→ **What is being asked**:
Look below for the line containing "先將小塊的仿真植物墻產(chǎn)品組裝成合適的大小". Write out that line and the rest through the last one, exactly as they appear, but without pictures.

→ **Data extract**:
┌────────

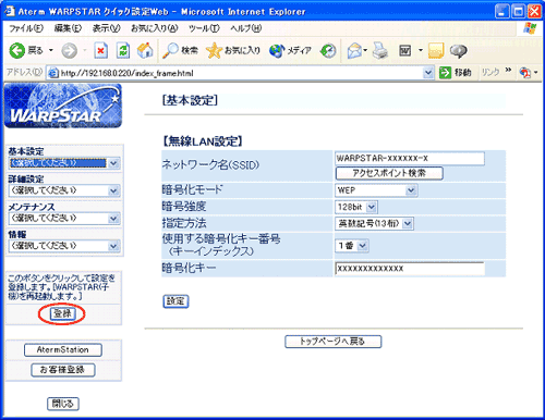| Windows(R) XP/2000 Professionalの設定方法はこちら Windows(R) Me/98SEの設定方法はこちら Macintoshの設定方法はこちら |
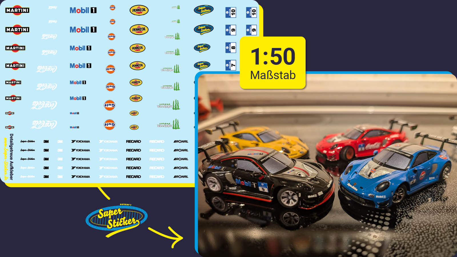 Der Wunsch war 6 Carrera Autos zu individualisieren. Jedes Auto sollte ein passendes Sponsoring und eine Startnummer erhalten. Eine Vorauswahl der Logos und ein Entwurf der Startnummernblocke waren die Basis.
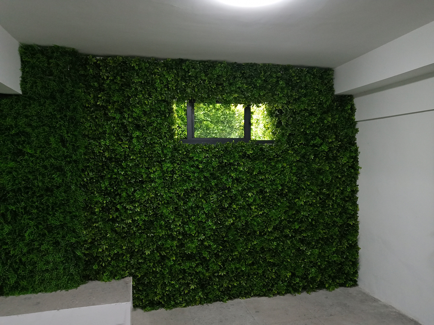 先將小塊的仿真植物墻產(chǎn)品組裝成合適的大小
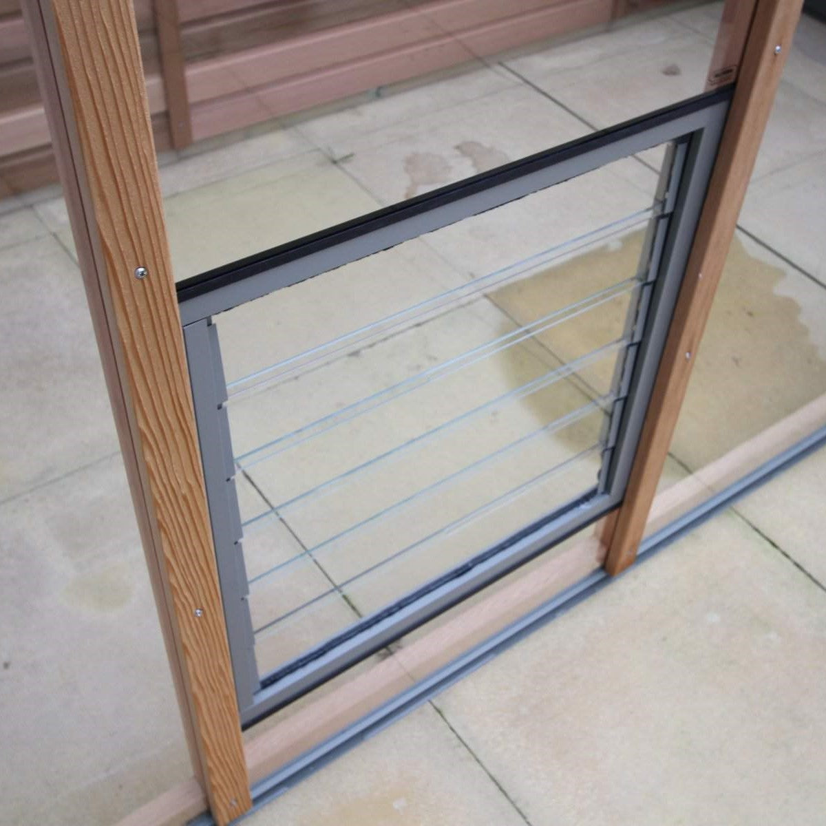 The Alton Greenhouse includes one or more louvre windows, designed to work with the roof vents. As warm air escapes through the roof vents, cooler air is drawn in through the louvres, enhancing airflow. Positioned near the bottom, top, side, or rear, they come with manual openers but can be upgraded to automatic.

└────────

→ **Response area**:
 先將小塊的仿真植物墻產(chǎn)品組裝成合適的大小
 The Alton Greenhouse includes one or more louvre windows, designed to work with the roof vents. As warm air escapes through the roof vents, cooler air is drawn in through the louvres, enhancing airflow. Positioned near the bottom, top, side, or rear, they come with manual openers but can be upgraded to automatic.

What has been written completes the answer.